Indra’s Net. Artist: Amber Takano, copyright: Gereon Kopf.

But Dōgen does not stop here. Many discussions on the self forget that “self” is a concept not a thing. As a concept it helps us highlights particular phenomena. However, as Dōgen famously observed, “when one side is illuminated, the other side is obscured.”******** Concepts are linguistic and discursive forms of “expressions” (dōtoku). As such, “when we express expression we do not express non-expression.  Even when we recognize expression in expression, if we do not verify the depth of non-expression as the depth of non-expression, we are neither in the face of the buddha-and-ancestors nor in the bones and marrow of the buddha-and-ancestors” (DZZ 1: 303). Dōgen suggests that all “expressions” are also “non-expressions” (fudōtoku). Actually, they are expressions, “expressions-and-non-expressions.”

And this brings us back to the opening paragraph. When we discuss specific topics, we need to employ the appropriate concepts. Discussions of responsibility and accountability, moral as well as legal, require a notion of “self” as “substantial and individual”; religious discourses that focus on salvation or liberation highlight that we are “constituted by what brings it into existence,”; religious discourses that promote self-cultivation emphasize that we constitute a “part of [a] wider cosmic reality”; political discourses uphold that we are “fundamentally in-relation”; finally, attempts to understand our motivation and cognition assume that we are “reducible to underlying processes.” I believe that the concept of “no-self” developed in the texts discussed above accommodates such a multilayered and multi-faceted understanding of the self. Dōgen provides the framework that brings out the many aspects of the “no-self” so that we can meaningfully understand the various aspects of our existence and solve the puzzles they create.

* Jackendoff cited in Varela et al., 1991, 52.
** Knepper, 2023, 84-85.
*** T 996.19.0523.
**** T 99.2.34.0245.
***** T 1509.25.0114.
****** T 1509.25.0148.
******* I have written about this line in an earlier essay: “Who Am I — Self-discovery in Japanese Zen Practice” (https://www.buddhistdoor.net/features/who-am-i-self-discovery-in-japanese-zen-practice/)
******** DZZ 1:333. For more on Dōgen’s notion of intersubjectivity, see “Why I Study Zen Philosophy” (https://www.buddhistdoor.net/features/why-i-study-zen-philosophy/).
********* DZZ 1: 7. See “Entangled in Indra’s Net” (https://www.buddhistdoor.net/features/entangled-in-indras-net/).

References

Knepper, Timothy. 2023. Philosophies of Religion: A Global and Critical Introduction.

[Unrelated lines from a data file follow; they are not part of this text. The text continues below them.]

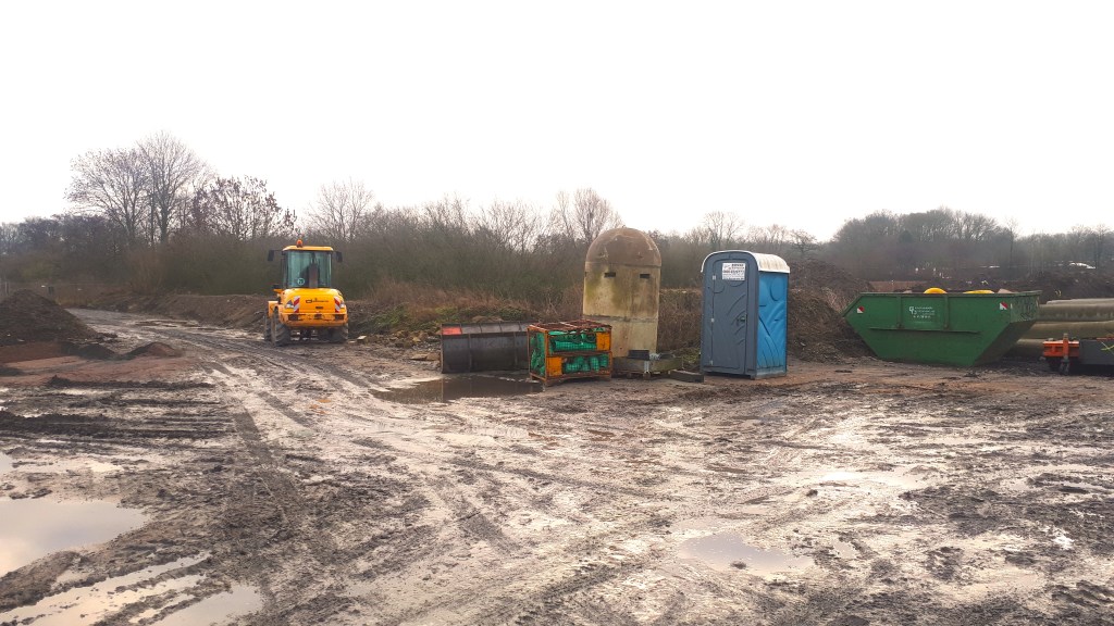 Der wassergebundene Weg kann zur Zeit noch nicht endgültig hergestellt werden, da die Fläche noch als „Materiallager“ benötigt wird und darüberhinaus noch eine Böschung zwischen der verlegten Heroldstr. und dem Weg hergestellt wird.
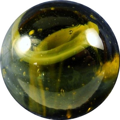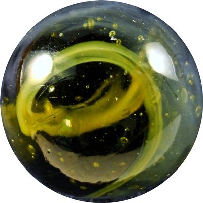 Lot 75. TRANSITIONAL, Melted Pontil. Super example of a Navarre Glass Marble and Specialty Company Melted Pontil. Nice "9" and tail design with a very nice melted pontil with carboning. In super condition. Akron OH, circa 1890-1900. 13/16". Mint (9.9).
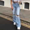 Weitbeinige Jeans, lange Hosen, Löcher, leicht ausgestellt, Streetwear-Stil, hohe Taille, Damenjeans
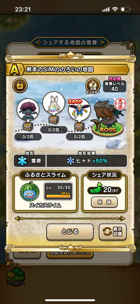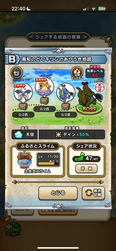 ドラクエウォークの宝の地図検索ツールです。配布中の地図や、人気順やお宝モンスターの多い順に検索可能!チェック機能もあります!仲間モンスターや出現モンスターでの検索や、確認用の画像も掲載しています!
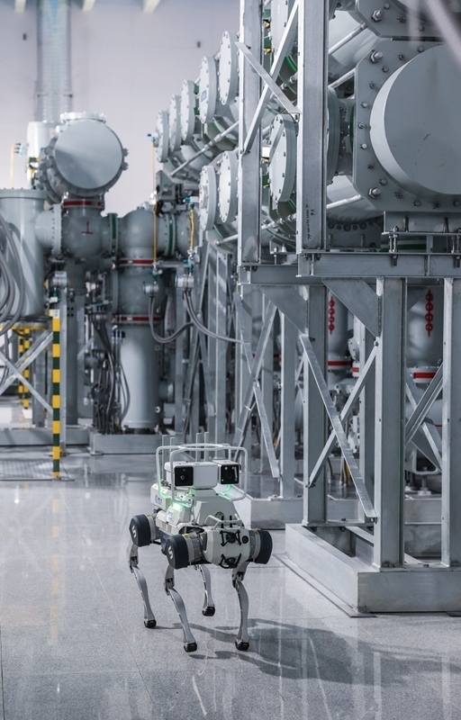 6月24日,機器狗在舟山望海(金塘)220千伏輸變電工程的變電站GIS室內巡查。
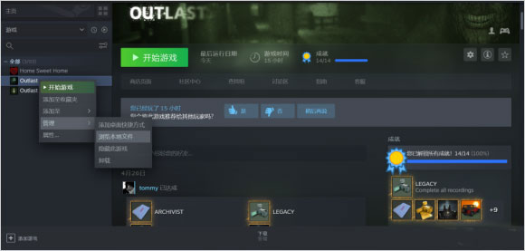 1、首先打开steam,点击逃生(outlast)的游戏图标,鼠标右键--管理,选择“浏览本地文件”;
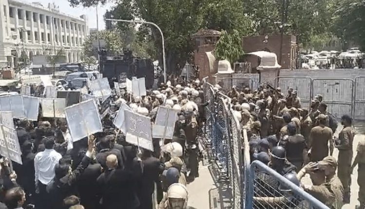 احتجاج کے دوران وکلا نے رکاوٹیں ہٹا کر ہائیکورٹ کے اندر جانے کی کوشش جس پر پنجاب پولیس کے اہلکاروں نے وکلا کو منتشر کرنے کیلئے لاٹھی چارج اور شیلنگ کی، پولیس نے وکلا مظاہرین کےخلاف واٹرکینن کا استعمال بھی کیا۔

London: Bloomsbury Academic.

Ōkubo, Dōshū, ed. 1969–70. Dōgen zenji zenshū (Complete Works of Zen Master Dōgen). Two volumes. Ed. Tokyo: Chikuma Shobō. [Abbr. DZZ].

Varela, Francisco, Evan Thompson and Eleanor Rosch. 1991. The Embodied Mind. Cambridge: MIT Press.

Takakusu, Junjirō and Kaigyoku Watanabe, eds. 1961. Taishō shinshū daizōkyō (The Taishō Edition of the Buddhist Canon). Tokyo: Taishō Shinshū Daizōkyō Kankōkai. [Abbr. T].